Estimating coal mine workforce size

From Global Energy Monitor
This article is part of the
Global Coal Mine Tracker, a project of Global Energy Monitor.
Download full dataset
Report an error
Sub-articles:
Related-articles:

Global Energy Monitor's Global Coal Mine Tracker uses machine learning to estimate the size of the workforce, or employment, at specific coal mines when that information is otherwise unavailable.

Global Energy Monitor first published its coal mine employment estimates in the April 2023 version of the dataset.

Coal mine workforces

The Global Coal Mine Tracker relies on corporate, government, and reliable media sources to gather data on employment and coal mine workforces. The information on coal and jobs is crucial to coal phase-outs and just transitions.

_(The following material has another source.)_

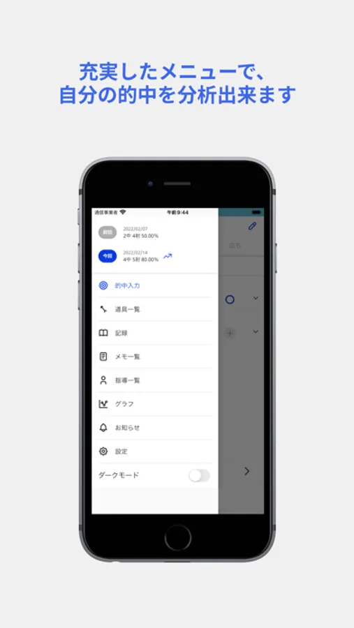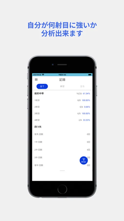 練習、立ち毎での記録、道具毎の的中結果閲覧を追加し、前作より便利になりました。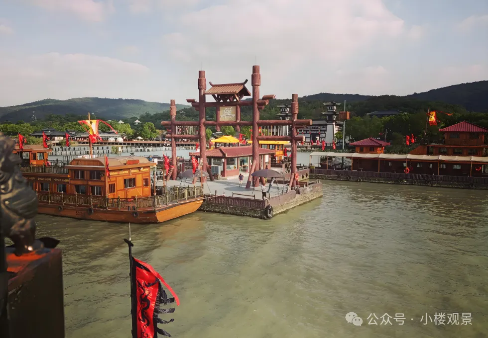 三国城门楼高大、威猛,旌旗随风飘展,配以广场上天禄和辟邪两尊神兽,更显得门楼的庄严与肃穆,这里是《三国演义》中诸葛亮智设空城计,退了司马懿几十万大军的拍摄地。三座辕门掩映下的曹军水旱寨,规模庞大,由曹操点将台、辕门、四座敌楼和楼船组成,是《三国演义》中“火烧赤壁”、“横槊赋诗”、“草船借箭”等戏的拍摄所在。曹操点将台两侧,战鼓矗立,依稀可见一代枭雄曹公当年的威仪。抚辕而立,又令人遥想三国纷纭时代那无数英雄豪杰,终归在翻涌浪花的滚滚长江之中化为了中国历史上的一个个人物,为后世万代所景仰。

But employment information is not always accessible or transparent. To account for this, we built a machine learning tool in 2021-2022 to estimate the size of coal workforces when that data was otherwise unavailable.

Methodology

Our machine learning tool uses "supervised training" to estimate workforce size at coal mines. The supervised training, in this case, consisted of a routine where a known workforce size was withheld from the model and then compared to its prediction to assess the accuracy of the estimate.

Input and label data

The data used we used for predicting coal mine workforce size consisted of two categories: the label and the input data.

The label data is the quantity that our dataset needs to predict -- in this case, the size of a coal mine workforce. The input is the data that the label depends on, that is data variables such as coal production, mine size, etc.

In our model, some input features have numerical values, while others have categorical values.